(DATA)
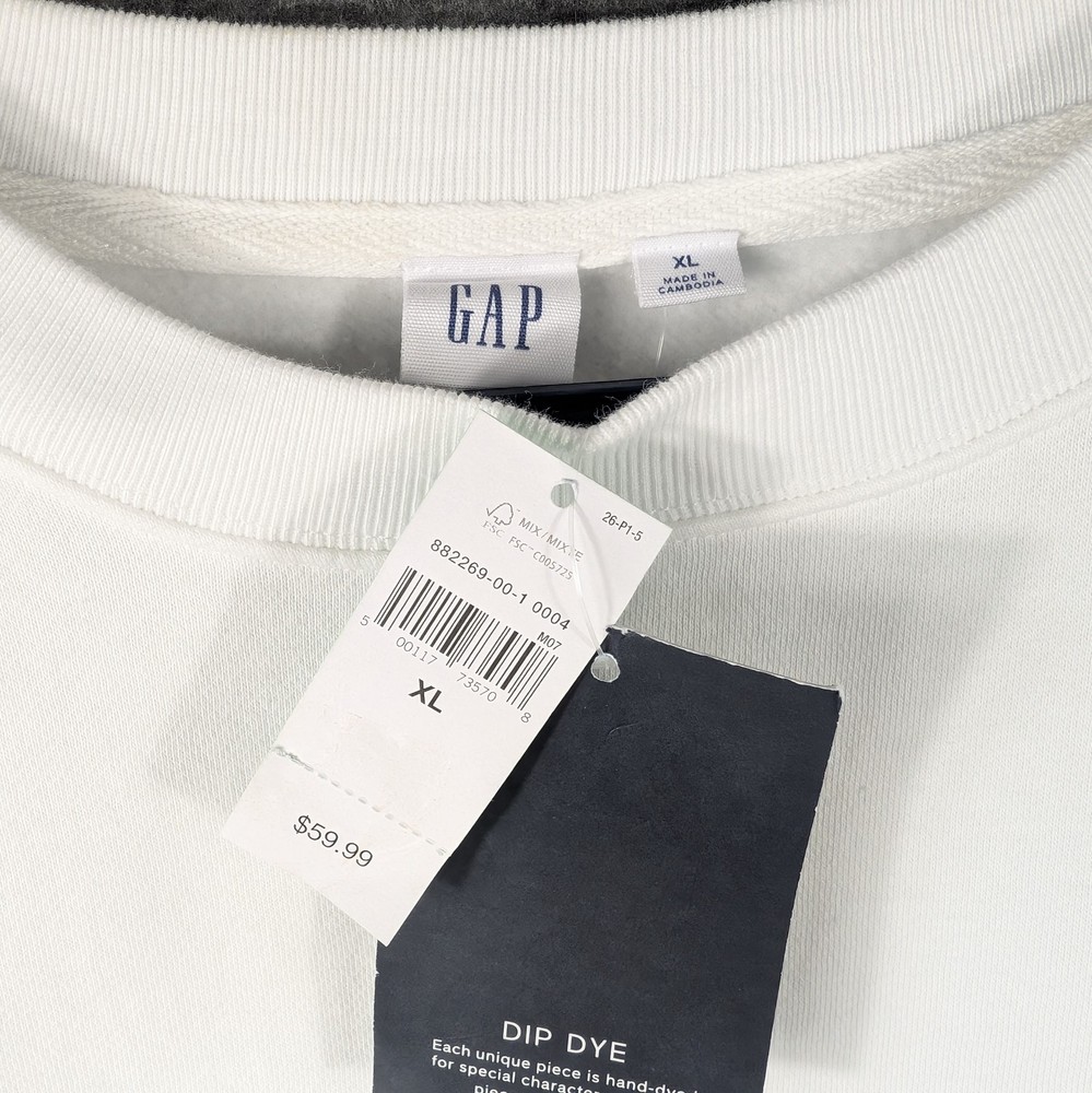 GAP Pullover Sweatshirt Blue White Dip Dye Size XLarge Soft Lining. Chest measures 25" pit to pit. Length measures 26". Please view all images. Message with any questions.
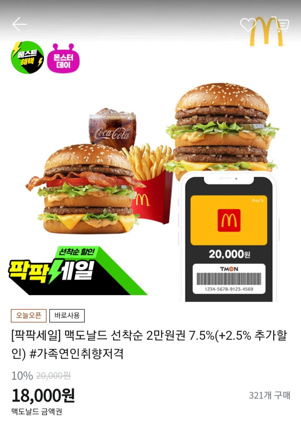 [티몬] 맥도날드 2만 금액권 10% 할인
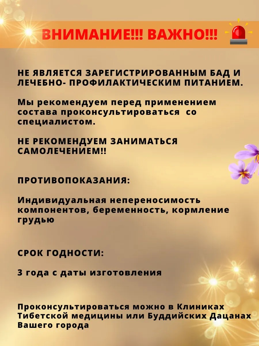 According to Tibetan medicine, Sampel Norbu is effective for white channel diseases such as atherosclerosis of the cerebral and cardiac vessels, dizziness, memory impairment, paresis, paralysis, gout, leprosy, rheumatism, joint stiffness and pain, memory loss, loss of sensation in the extremities, numbness, and nervous tics. It helps with pinched nerves, herniated discs, and bone problems; it restores ligaments and tendons. It helps improve cerebral circulation, the conduction of nerve impulses, and blood and energy circulation throughout the body. We produce Samnor with an original composition based on the recipe of the Atlas of Tibetan Medicine in the Republic of Buryatia with the support of the Ivolginsky Datsan. This herbal remedy is a conscious choice for your peace of mind and health! Release form: pills (peas). The mixture should be taken orally with warm water. Chew or crush the pills before use. A course of Eastern Medicine herbal remedies is always designed for 21 days. The dosage and time of administration are determined individually by a Tibetan Medicine doctor or Emchi Lama, who conducts consultations at Tibetan Medicine clinics and Buddhist datsans in your city. Consult a specialist before use! Contraindications: Epilepsy, individual intolerance to the product's components. Directions for use: 2 pills per day (pack of 42), 1 pill (pack of 21), before bedtime, or as directed by a doctor.
(End DATA)
TASK OBJECTIVE: What is needed is a word-for-word copy of the lines from the start of the data to the line with "[티몬] 맥도날드 2만 금액권 10% 할인", inclusive, with no pictures in it.

ANSWER TO THIS TASK:
 GAP Pullover Sweatshirt Blue White Dip Dye Size XLarge Soft Lining. Chest measures 25" pit to pit. Length measures 26". Please view all images. Message with any questions.
 [티몬] 맥도날드 2만 금액권 10% 할인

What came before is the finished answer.